[Stored items from a collection]

======

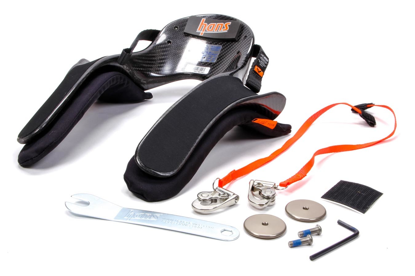 Product Description Head and Neck Support - Ultra Pro Model 20 - SFI 38.1 - Sliding Quick Click Tether - Helmet Anchor - Carbon Fiber - Medium - Kit
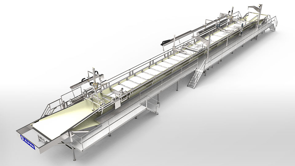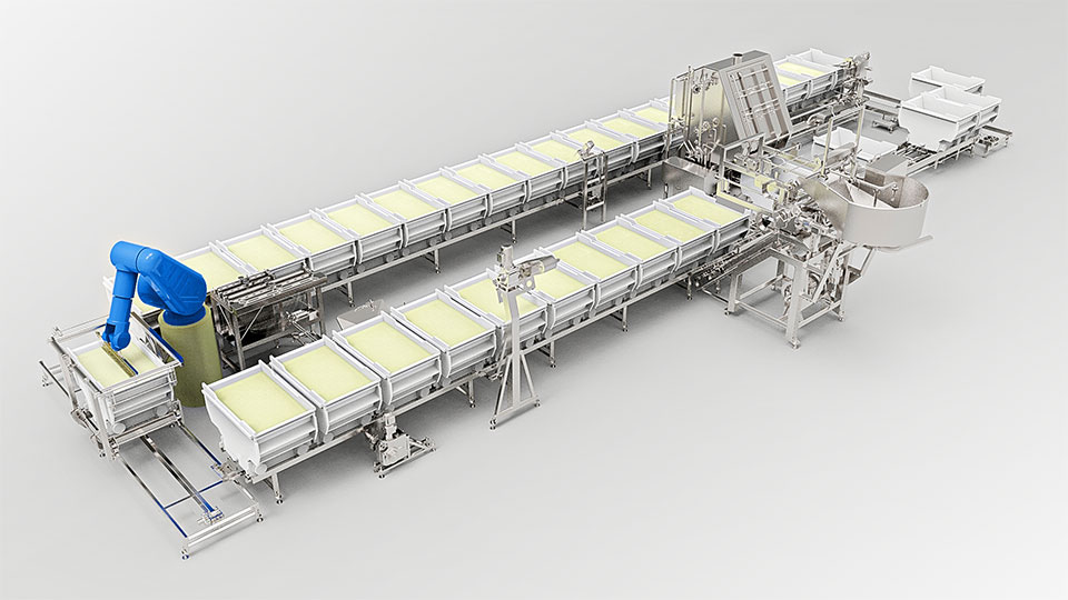 Half- of volautomatische lijn voor het verwijderen van de kaas uit de blokvormen met behulp van een vacuüm.
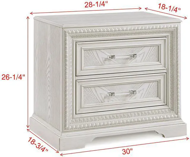 Product Dimensions:- Nightstand : 30" X 18.85" X 26.3"H Listing Includes: - 1pc Nightstand Only. Simple Assembly Require.
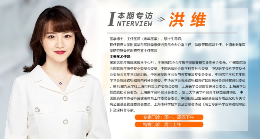 复旦大学附属华东医院健康促进委员会办公室主任、骨松科专家洪维主任医师,作为一名深受老年人喜爱的科普传播者,从医近二十年来一直在用专业知识和满腔热情为传播老年健康知识,提升老年人健康水平而努力着,是大家口中可爱的“老宝宝的小棉袄医生”。
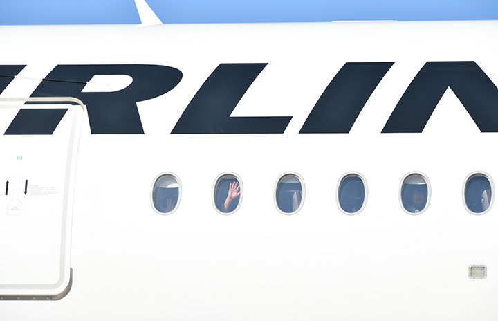 羽田空港を出発する那覇行きJL909便の機内から手を振る乗客=25年2月14日 PHOTO: Yusuke KOHASE/Aviation Wire
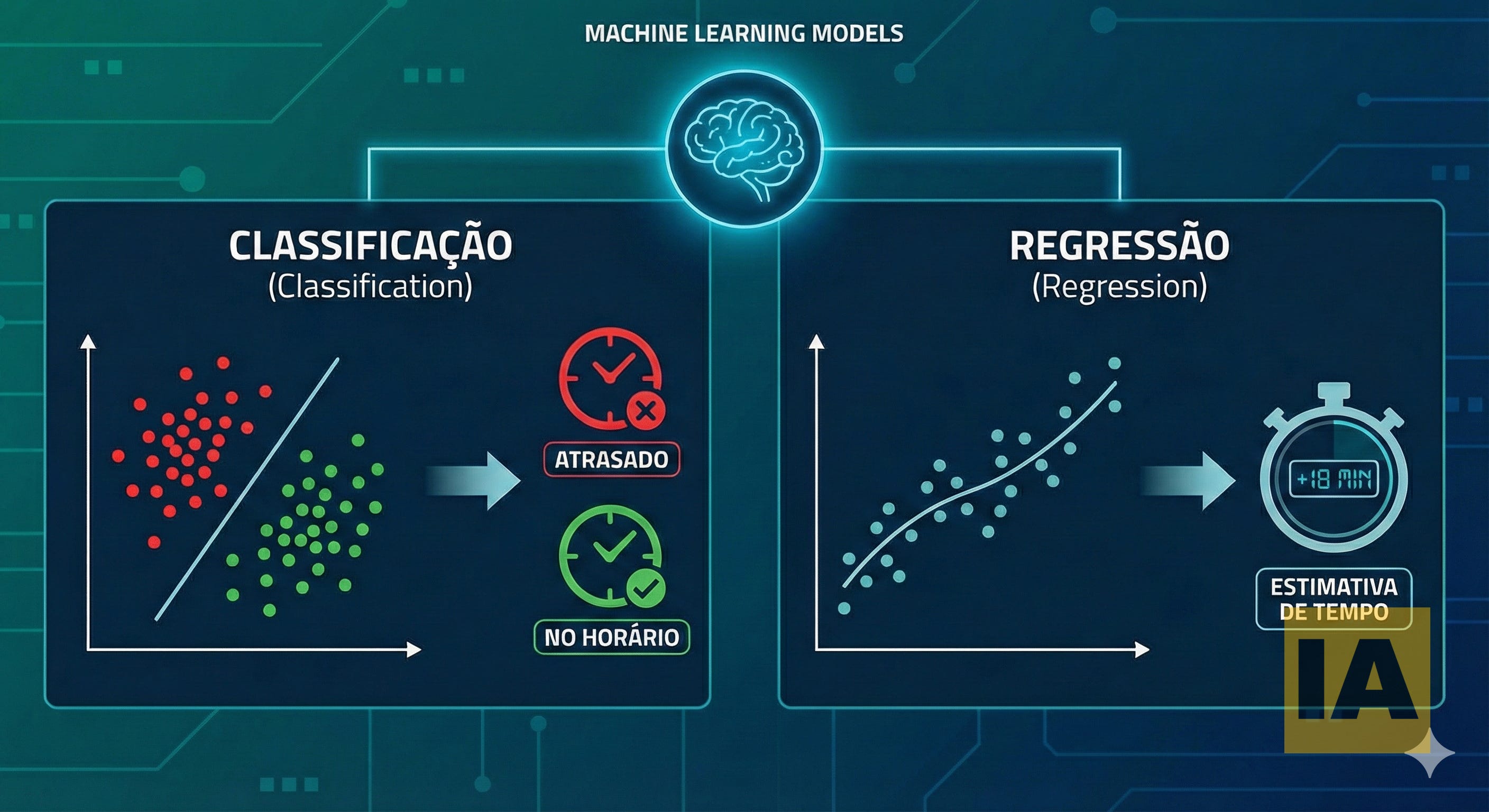 A imagem ilustra essa distinção fundamental. No lado esquerdo, o modelo de classificação traça uma fronteira de decisão que separa os pontos vermelhos (atrasos) dos verdes (no horário). O resultado é categórico: sim ou não.

======

EXERCISE PROMPT: Could you retype the records above exactly, omitting the pictures?

REPLY:
 Product Description Head and Neck Support - Ultra Pro Model 20 - SFI 38.1 - Sliding Quick Click Tether - Helmet Anchor - Carbon Fiber - Medium - Kit
 Half- of volautomatische lijn voor het verwijderen van de kaas uit de blokvormen met behulp van een vacuüm.
 Product Dimensions:- Nightstand : 30" X 18.85" X 26.3"H Listing Includes: - 1pc Nightstand Only. Simple Assembly Require.
 复旦大学附属华东医院健康促进委员会办公室主任、骨松科专家洪维主任医师,作为一名深受老年人喜爱的科普传播者,从医近二十年来一直在用专业知识和满腔热情为传播老年健康知识,提升老年人健康水平而努力着,是大家口中可爱的“老宝宝的小棉袄医生”。
 羽田空港を出発する那覇行きJL909便の機内から手を振る乗客=25年2月14日 PHOTO: Yusuke KOHASE/Aviation Wire
 A imagem ilustra essa distinção fundamental. No lado esquerdo, o modelo de classificação traça uma fronteira de decisão que separa os pontos vermelhos (atrasos) dos verdes (no horário). O resultado é categórico: sim ou não.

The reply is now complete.